I'd also note that non-UTF-8 data is pretty common, not usually because of 
unpaired surrogates, but rather because of bad encoding identification or 
because of mixed UTF-8 and binary data. Blowing chunks on that data is not a 
good choice as the default.

Providing for validation and tailorable reporting, a la NIO, actually would be 
the best course of action. If the buffer isn't really UTF-8 and turns out to be 
an entirely different encoding (probably the most common encoding problem), 
sometimes you might want to catch it as an exception, but most often you'll 
probably be fine plunging ahead with U+FFFD (one per bad byte). For the reason 
cited, I'd use the stricter Unicode rules for non-shortest UTF-8, but certainly 
think that  just throwing an exception is too strict.



> Text constructure can throw exception
> -------------------------------------
>
>                 Key: HADOOP-550
>                 URL: http://issues.apache.org/jira/browse/HADOOP-550
>             Project: Hadoop
>          Issue Type: Bug
>            Reporter: Bryan Pendleton
>
> I finally got back around to moving my working code to using Text objects.
> And, once again, switching to Text (from UTF8) means my jobs are failing. 
> This time, its better defined - constructing a Text from a string extracted 
> from Real World data makes the Text object constructor throw a 
> CharacterCodingException.
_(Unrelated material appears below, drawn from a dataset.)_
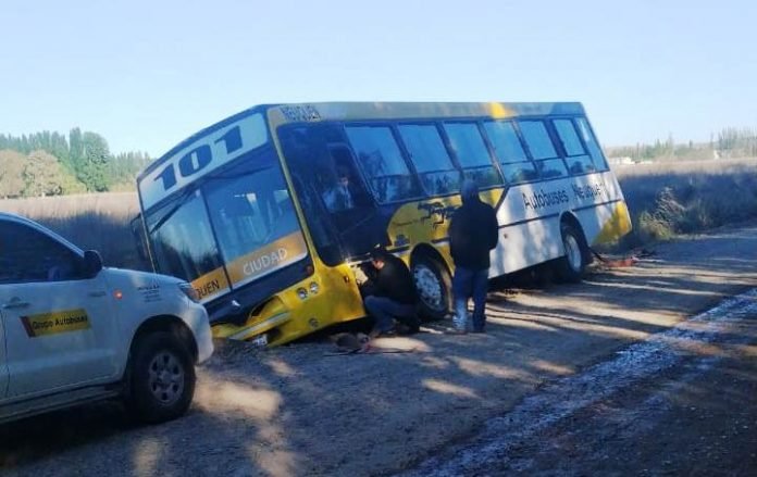La tierra de una calle de Neuquén cedió ante el peso de un colectivo y la unidad terminó hundida sobre el canal paralelo. Todo ocurrió esta mañana, cuando el rodado que cumple el servicio del ramal 101 salía de la base de Autobuses Santa Fe para iniciar su recorrido habitual.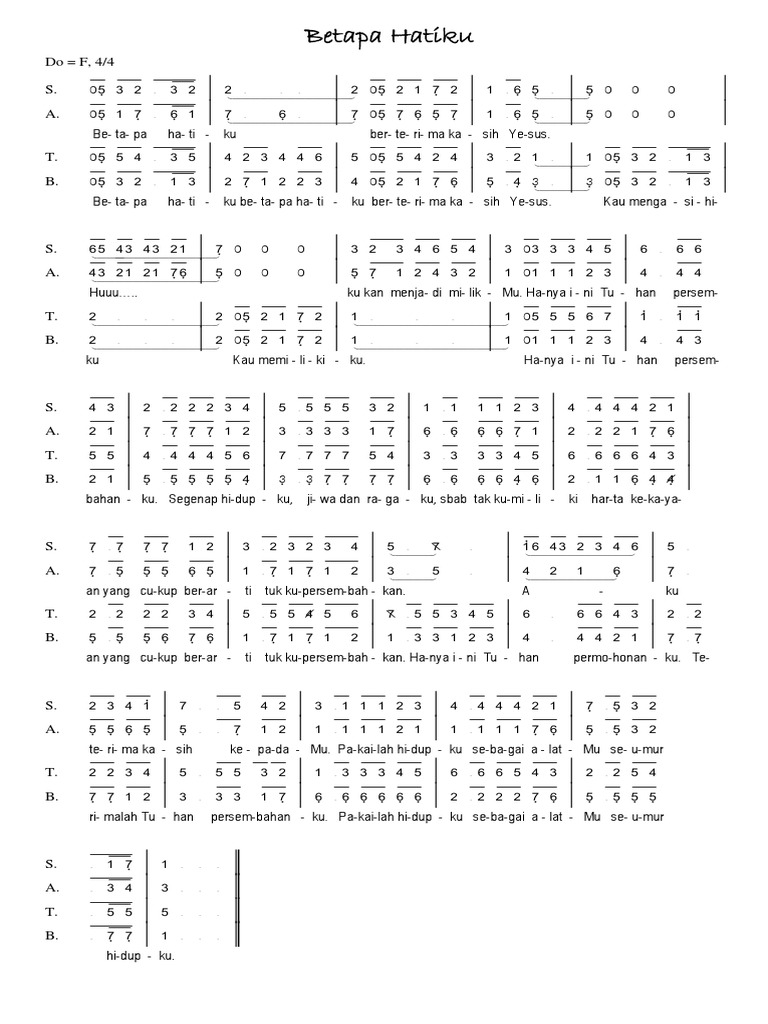Not Angka Lagu Rohani Betapa Hatiku

This may be legit - I don't actually understand UTF 
> well enough to understand what's wrong with the supplied string. I'm 
> assembling a series of strings, some of which are user-supplied, and 
> something causes the Text constructor to barf.
> However, this is still completely unacceptable. If I need to stuff textual 
> data someplace - I need the container to *do* it. If user-supplied inputs 
> can't be stored as a "UTF" aware text value, then another container needs to 
> be brought into existence. Sure, I can use a BytesWritable, but, as its name 
> implies - Text should handle "text". If Text is supposed to == 
> "StringWritable", then, well, it doesn't, yet.
> I admit to being a few weeks' back in the bleeding edge at this point, so 
> maybe my particluar Text bug has been fixed, though the only fixes to Text I 
> see are adopting it into more of the internals of Hadoop. This argument goes 
> double in that case - if we're using Text objects internally, it should 
> really be a totally solid object - construct one from a String, get one back, 
> but _never_  throw a content-related Exception. Or, if Text is not the right 
> object because its data-sensitive, then I argue we shouldn't use it in any 
> case where data might kill it - internal, or anywhere else (by default).
> Please, don't remove UTF8, for now.